Iranian actress (born 1987)

Minoo Sharifi (مینو شریفی; born December 12, 1987) is an Iranian actress. She is best known for her performances in the war drama film Walnut Tree (2020), and the romance drama web series Lunar Eclipse (2021–2022).
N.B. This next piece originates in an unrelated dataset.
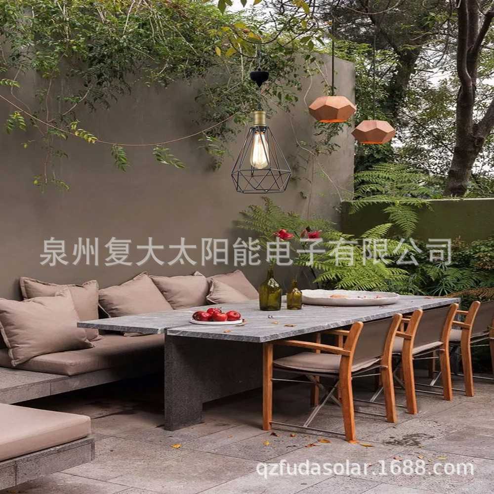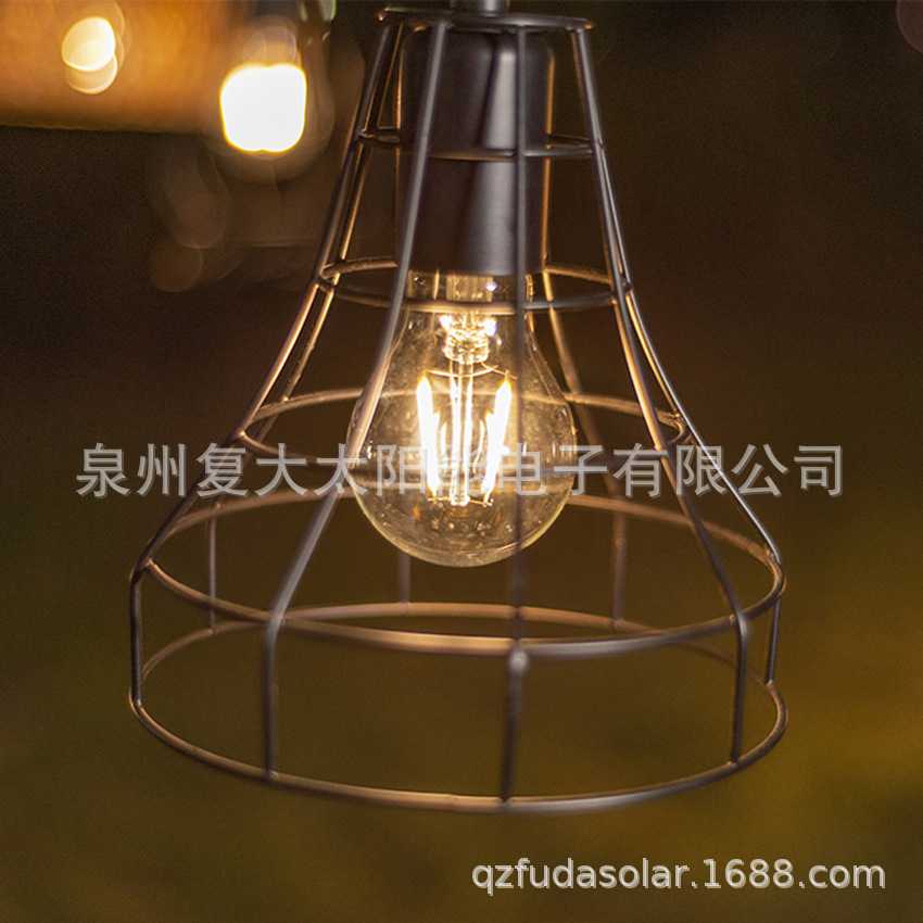 新品太阳能欧式简约灯笼复古钨丝灯泡线条铁艺灯笼户外花园庭院灯

Sharifi earned a Crystal Simorgh nomination for her acting in Walnut Tree.

== Early life ==
Sharifi is of Kurdish origin.

== Career ==
Sharifi entered the field of acting with the short film Pale Mirrors in 2015 and won the Jury Prize of the Koomesh Regional Festival and was nominated for Best Actress at the 33rd Tehran International Short Film Festival Awards.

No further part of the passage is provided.